I am delighted to tell you that my third local history book, Saffron Walden and Around Through Time, has now been published by Amberley Books and is available in “all good bookshops”.

Saffron Walden and Around Through Time

Click the picture to be taken to Amazon’s page for my book.

Saffron Walden is a beautiful market town in the north west corner of Essex, and a town I knew very well from my own past, when I lived for many years in the nearby town of Great Dunmow. I have shopped many a time in the splendid shops and market within the town. But, more importantly to me, I had spent many a happy hour when my third child (now a strapping pre-teen) was just weeks old as I daily pounded the streets of Saffron Walden in the attempt to get him to sleep. It was whilst walking through the grounds of Saffron Walden’s church, St Mary the Virgin, that he first looked up at me from his push chair, laughing at his own joke that he’d managed to pull off his socks and toss them over the side of his buggy. I should have been warned then that he was to become a child full of laughter and practical jokes! Saffron Walden plays as special place in my heart for those early days of exhausted motherhood to my boy. It was also during those sleep-deprived days of endless walks that I fell in love with Saffron Walden’s ancient streets and buildings.

The beginnings of my book
In the late summer of 2014, I was sitting in Amberley Publishings offices in the beautiful Cotswold town of Stroud, having just delivered the manuscript for my first book, Bishop’s Stortford Through Time. I was musing with one of the company’s Commissioning Editors over other books I could write for Amberley. It popped into my head that Saffron Walden would make a good book, and a town which I would personally like to research and photograph. Fortunately Amberley agreed with me, and thus was born my third local history book Saffron Walden and Around Through Time, to become part of Amberley Publishing’s phenomenally successfully Through Time local history book series. Foolishly I agreed with Amberley that I could write it at the same time as my second local history book, Sudbury, Long Melford and Lavenham Through Time

So there I had it. Two books to be written and delivered at the same time…

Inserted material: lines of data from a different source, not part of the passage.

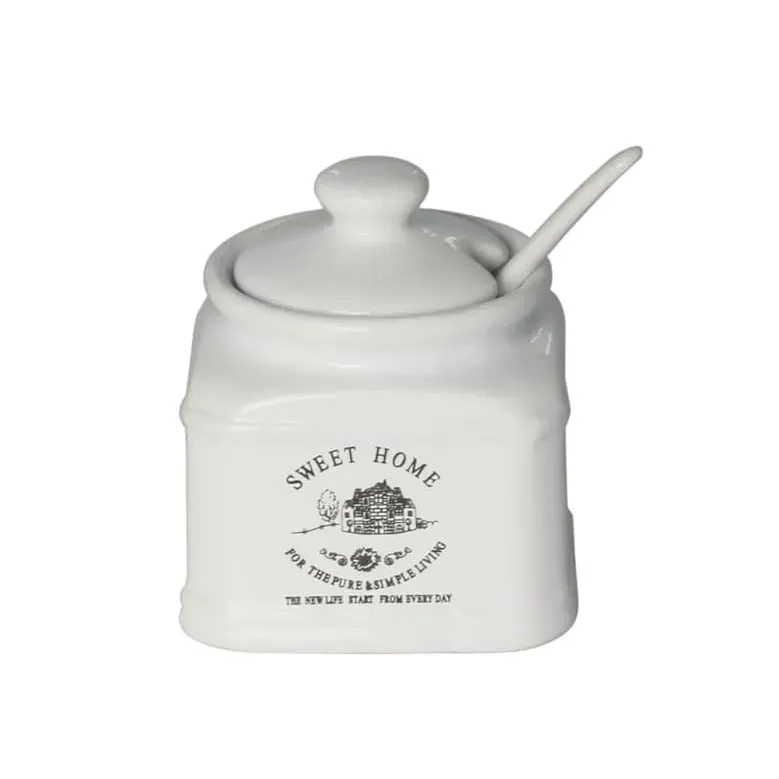 Açucareiro de Cerâmica com Colher Sweet Home 8cm x 8cm x 9cm - Lyor
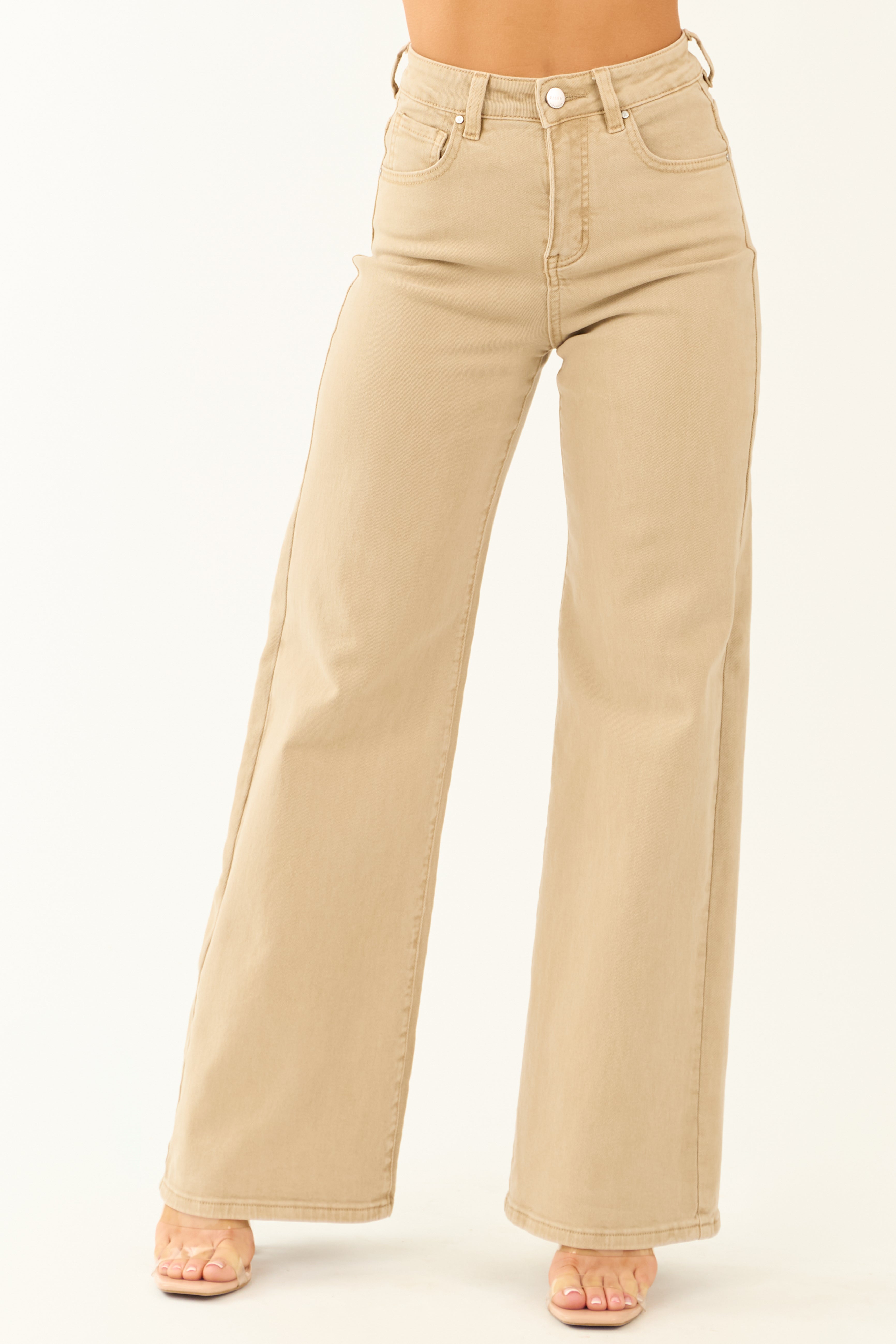 Achieve an elongated leg look with our Beige Tall Length High Rise Stretchy Wide Leg Jeans! Tailored beautifully to deliver flattery, these jeans come with a semi-stretchy denim blend, a high-rise cut, and five functional pockets for your essentials. The zipper fly and button closure offer convenience, while the loose waistband provides extra space. With a front rise of 11″ and a back rise of 13.5″, these jeans are meant to dazzle. Ideal for pairing with heels or boots. Waist sizes range from 24″ to 32″, while the inseam is 33″. Crafted from 98% Cotton and 2% Spandex. Available in sizes 0 to 15.
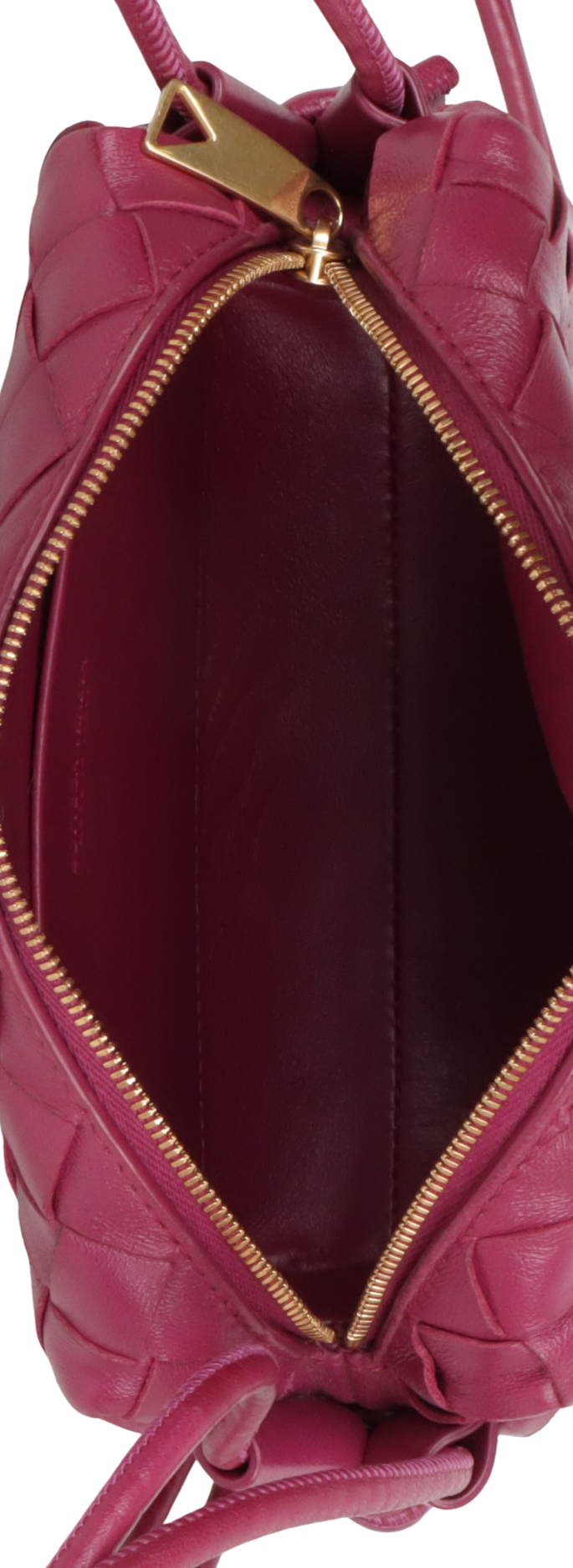 Descrição do Material: Couro calfskin roxo com acabamento Intrecciato
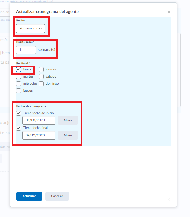 Paso 19. Aparecerá la siguiente ventana en donde estableceremos, el día en que nuestro agente inteligente deberá procesarse y el periodo de tiempo en el que se realizará en ciclos el proceso.
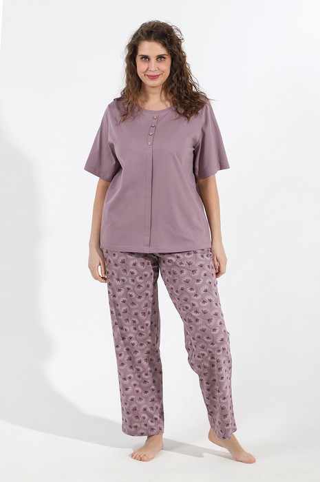 Костюм женский из трикотажного полотна «кулирка» в комбинации двух видов ткани гладкокрашеной и с набивным рисунком, состоящий из футболки и брюк. Футболка - из гладкокрашеного полотна, классического покроя, с короткими втачными рукавами, горловиной овальной формы, обработанной притачной бейкой. Перед – с застроченной складкой, расположенной по центру и имитирующей застежку на пуговицы.Брюки - из полотна с набивным рисунком, длинные, свободные, с карманами в боковых швах, на притачном поясе с эластичной тесьмой внутри.
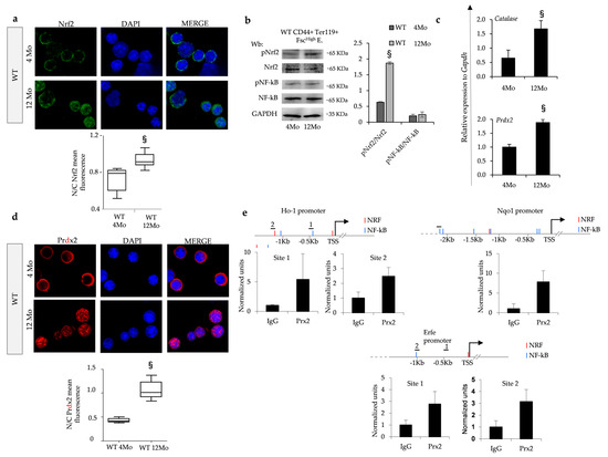 In aging wild-type mice, erythroblasts show age-dependent activation of Nrf2 associated with nuclear translocation of Prdx2, which is recruited in promoter regions of Nrf2. (a) Nrf2 immunostaining of sorted erythroid precursors from bone marrow of 4- and 12-month-old wild-type (WT) mice. DAPI was used to stain nuclei. Nrf2 mean fluorescence in the nucleus and cytoplasm was measured using ImageJ (https://imagej.net/ij/download.html). At least 25 cells were analyzed in 6 different fields of acquisition. Data are presented as median and minimum/maximum, with boxes indicating 25th–75th percentiles. § p < 0.05 compared to 4-month-old WT mice. Original magnification 100×. (b) Wb analysis with specific anti-phospho-Nrf2 (p-Nrf2), Nrf2, phospho-NF-kB(p-NF-kB) and NF-kB in sorted erythroid precursors in bone marrow of 4- and 12-month-old WT mice. GAPDH was used as protein loading control. A representative gel is shown. Densitometric analysis of immunoblots is shown in the right panel. Data are presented as means ± SD (n = 4); § p < 0.05 compared to 4-month-old WT mice. DU: densitometric unit (c) mRNA expression of catalase and Prdx2 by qRT-PCR of erythroblasts from WT mice at 4 and 12 months of age. Data are mean ± SD (n = 6–8). Experiments were performed in triplicate. § p < 0.01, WT 4Mo vs. WT 12Mo mice. p value was calculated by t-test. (d) Prdx2 immunostaining of sorted erythroid precursors from bone marrow of 4- and 12-month-old wild-type (WT) mice. DAPI was used to stain nuclei. Prdx2 mean fluorescence in the nucleus and cytoplasm was measured using ImageJ. At least 40 cells were analyzed in 5 different fields of data acquisition. Data are presented as median and minimum/maximum, with boxes indicating 25th–75th percentiles; § p < 0.01, WT 4Mo vs. WT 12Mo mice. Original magnification 100×. (e) Predicted NRF and NF-kB binding sites in the indicated promoters are shown in red and blue, respectively. Horizontal bars indicate the regions amplified in the ChIP experiment. Histograms show qPCR quantification of a ChIP assay with the indicated antibodies from cells treated as above. Error bars indicate standard deviations.
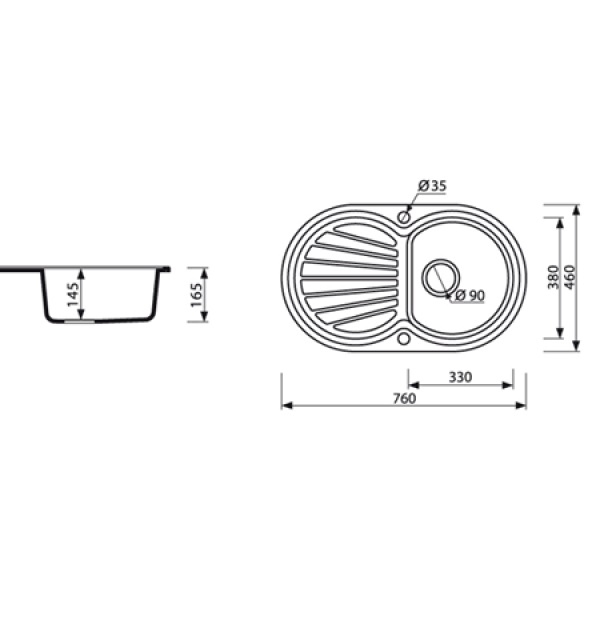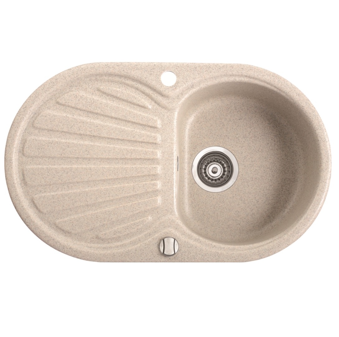 Врізна мийка з однією чашею. У комплект також входить зливна арматура, каналізаційний сифон і автоматичний клапан.
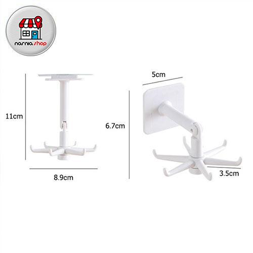 این محصول از جنس پلاستیک با کیفیت تهیه شده است. برای نصب آن باید آن را توسط چسب دو طرفه ای که زیر آن قرار دارد آویز را به دیوار بچسبانید. یک بازوی آن کاملا ثابت است و بازوی دیگر قابلیت چرخش 180 درجه ای دارد که برحسب نیازتان می توانید آن را خم کنید یا صاف نگهدارید. انتهای آن هم آویزی با 6 قلاب برای قرار دادن وسایل مختلف دارد که توانایی چرخش 360 درجه ای برای دسترسی راحت به وسایل آویزان شده دارد. این محصول در دو رنگ سفید و مشکی قابل عرضه می باشد. به دلیل کاربرد فراوان در هر بسته بندی دو عدد آویز قرار دارد که از آن می توانید برای آویزان کردن وسایل مختلف استفاده کنید.
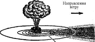 У результаті ядерного вибуху місцевість заражається радіоактивними
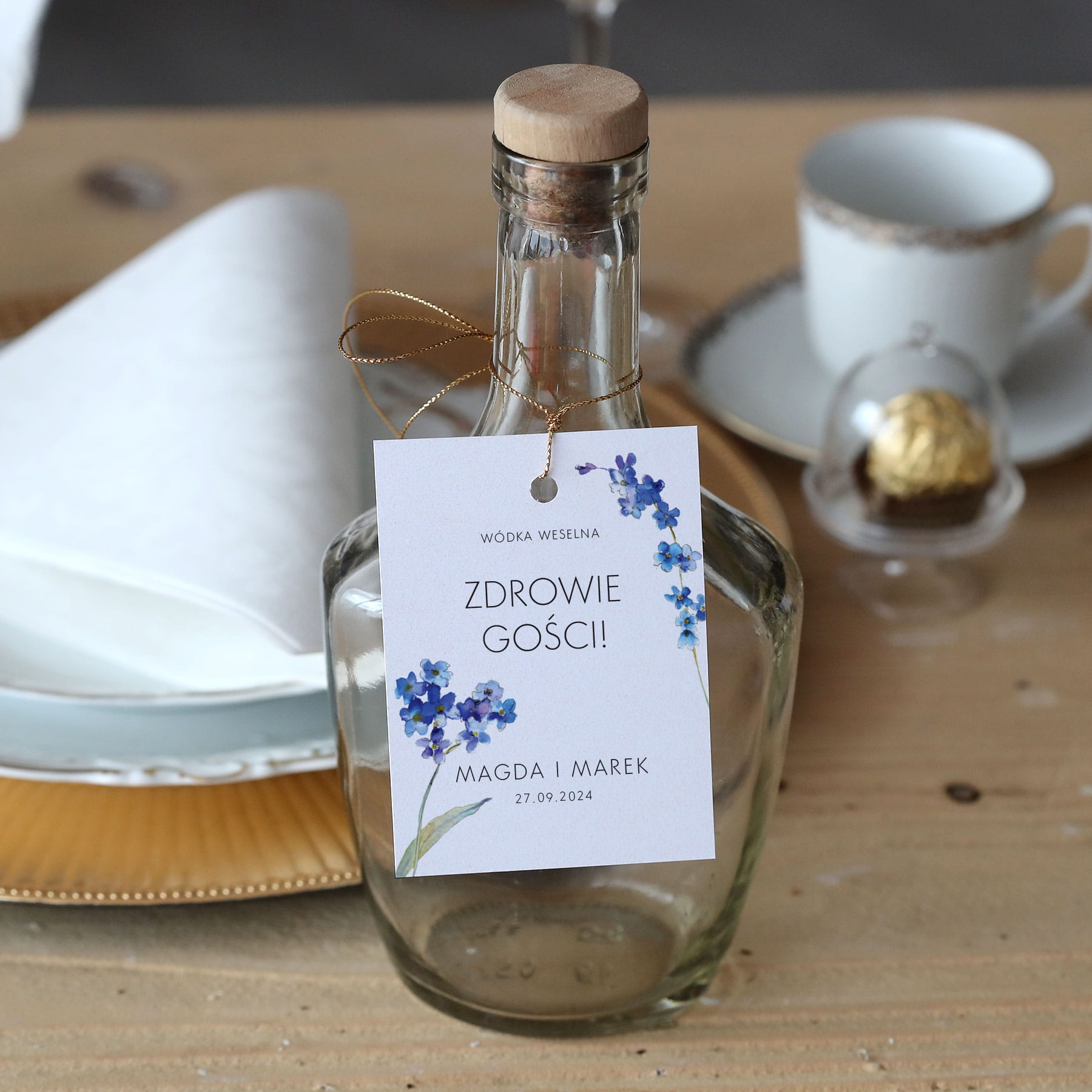Zestaw 18 zawieszek na alkohol z motywem niezapominajki
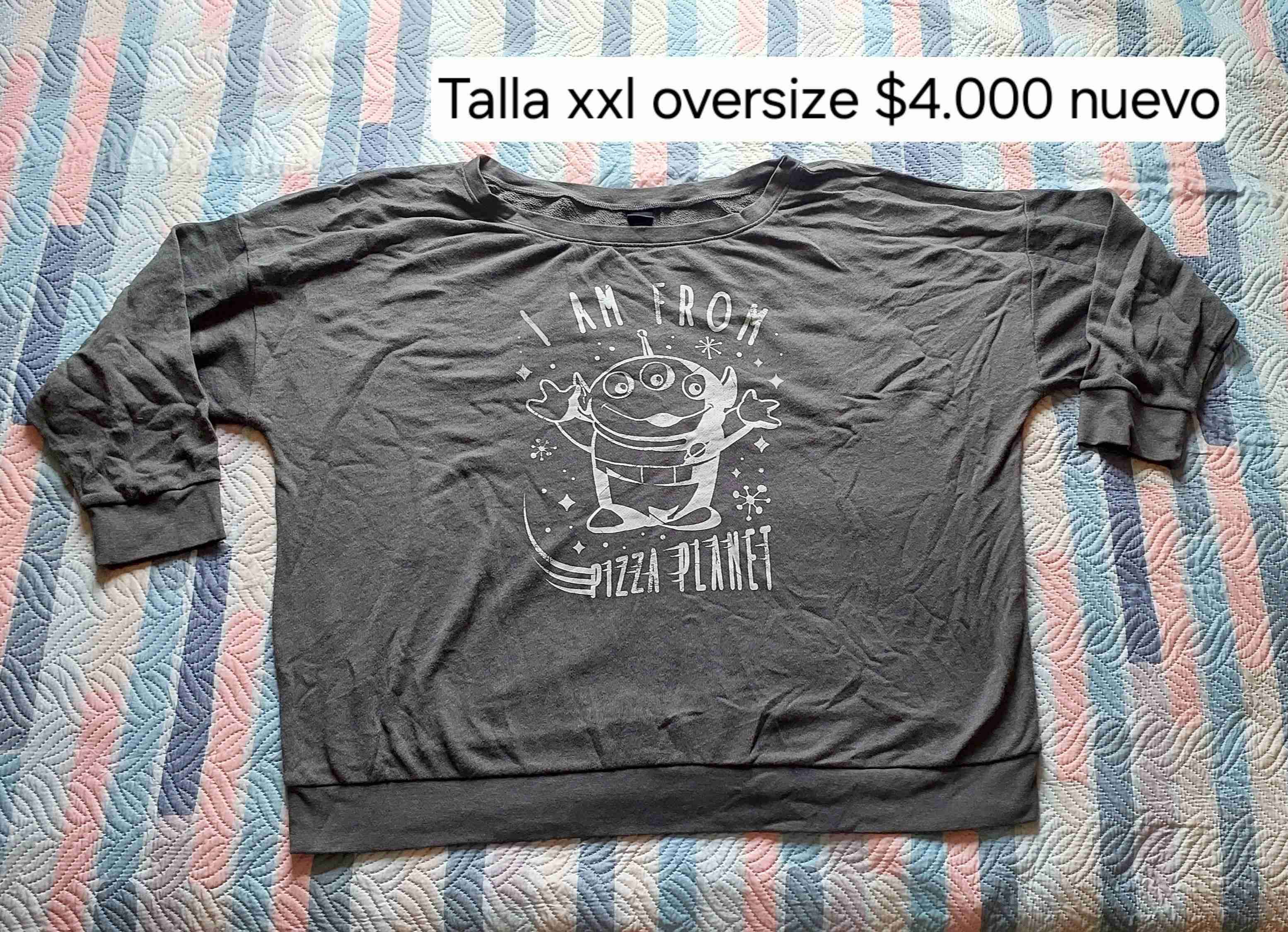 Poleron oversize gris con diseño de Pizza Planet. Ideal para un look casual y cómodo. Nueva sin uso. Talla xxl
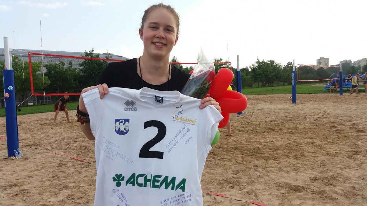 Prieš vakar vykusias antrosios dienos Jonavos paplūdimio tinklinio lygos rungtynes į Jungtines Amerikos Valstijas buvo išlydėta Jonavos „Achema-KKSC“ moterų tinklinio komandos puolėja Gintarė Mackevičiūtė.
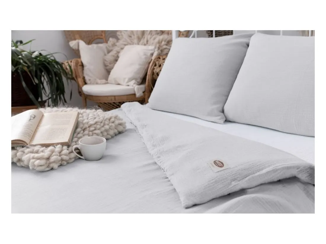 Pościel z muślinu to idealne rozwiązanie dla osób szukających nowoczesnych i prostych rozwiązań w swojej sypialni. Dodatkowo pościel zapakowana jest w dekoracyjne ozdobne Eco-pudełko oraz przewiązane dekoracyjnym sznurkiem dzięki czemu może być idealnym pomysłem na prezent dla bliskiej osoby bądź też prezentem na ślub lub wyjątkowe okazje.
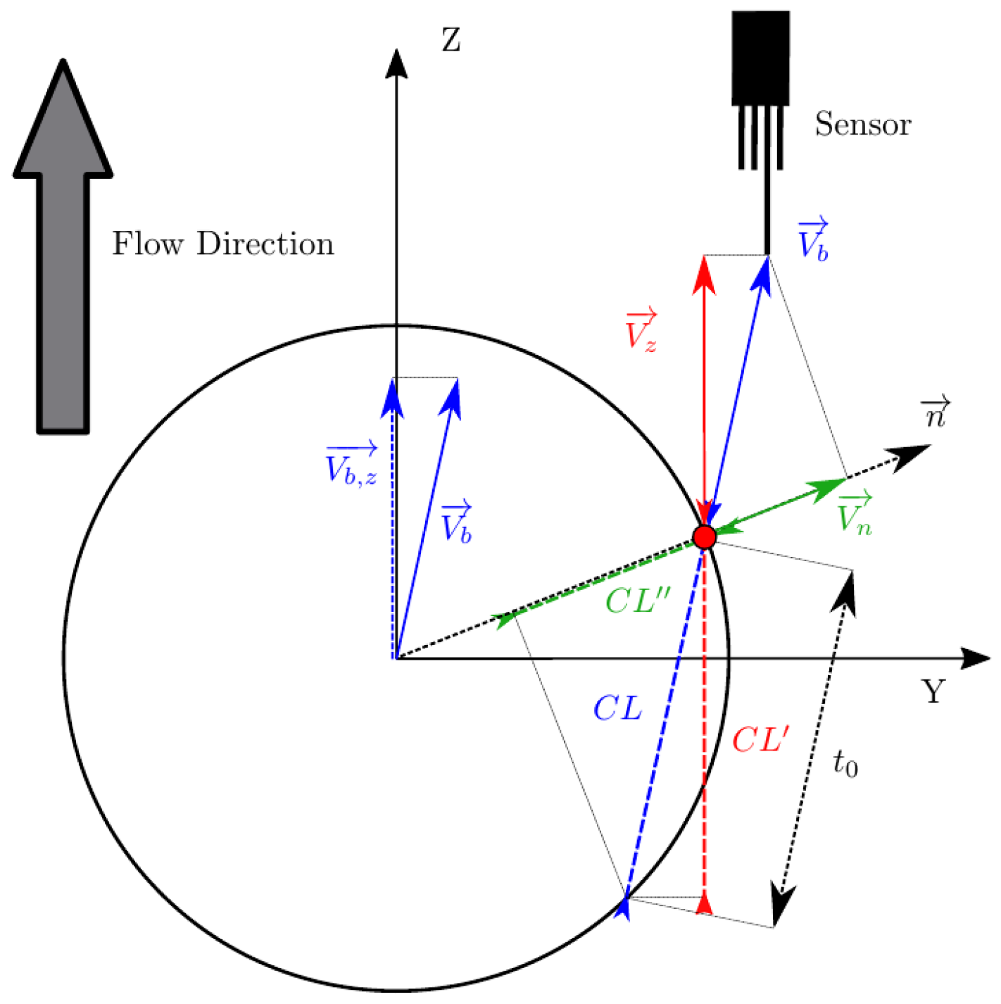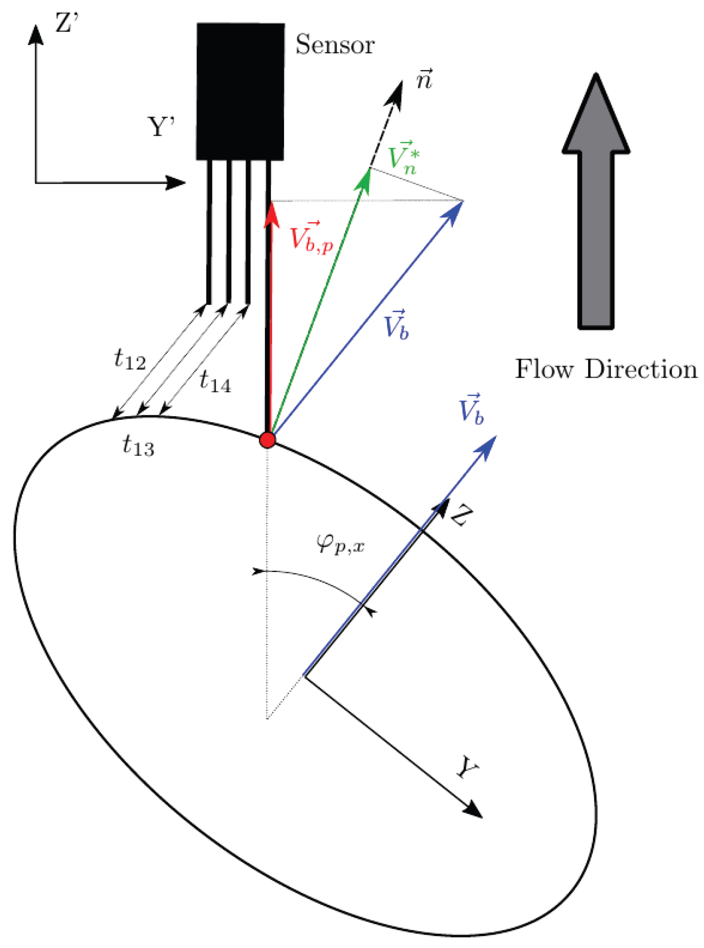 - To date, from the available methods to recover bubble velocity by using four-sensor probes (Equations (12) and (13)), we cannot account for the bubble centroid velocity, . Four-sensor probes are limited to two velocity modulus projections measurements, along the sensor probe axis, , or along the normal to surface direction, , and its components.

What is the “Around” of my book?
As you will see from the title of my Saffron Walden book, it is an “and Around” book, so includes other villages nearby to Saffron Walden. My brief from Amberley was to write about Saffron Walden the town, but to also include chapters on other nearby villages. They didn’t want me to wander too far from the main town, but left it totally open to me which villages I could include as my “Around” (but also dropped heavy hints that they’d like to see the Chesterfords included!). So that was my brief…Saffron Walden and Around. All to be fitted within no more and no less than 96 pages.

I would like to say that I purposely decided which villages to include. But I have to say that writing my book was very organic. It seemed to take on a life of its own and it dictated to me what villages were to be included. In the end, my “Saffron Walden and Around” comprises

  • Saffron Walden
  • Audley End
  • Littlebury Parish
  • Wendens Ambo
  • The Chesterfords (Little and Great)

Tales of long ago
Because I use so many sources for each of my books, I write quite detailed captions to all my pages and try to tell a significant story for that street or view, or of the people who once lived in the houses and roads. So in my book on “Saffron Walden and Around”, you may read things about the town and villages which you may not have known about.  For example, that Audley End (then known as Brook Walden) became infamous in 1579 as a place where the witch, Mother Staunton of Wimbish, practiced her witchcraft.  That in 1601, William Newton a shepherd from Great Ambo was convicted of stealing nearly 100 sheep throughout Essex.  That the infamous high wayman Dick Turpin held up the Walden and Stortford stagecoaches in Epping Forest in 1737…

There are so many stories to tell about this beautiful part of north west Essex.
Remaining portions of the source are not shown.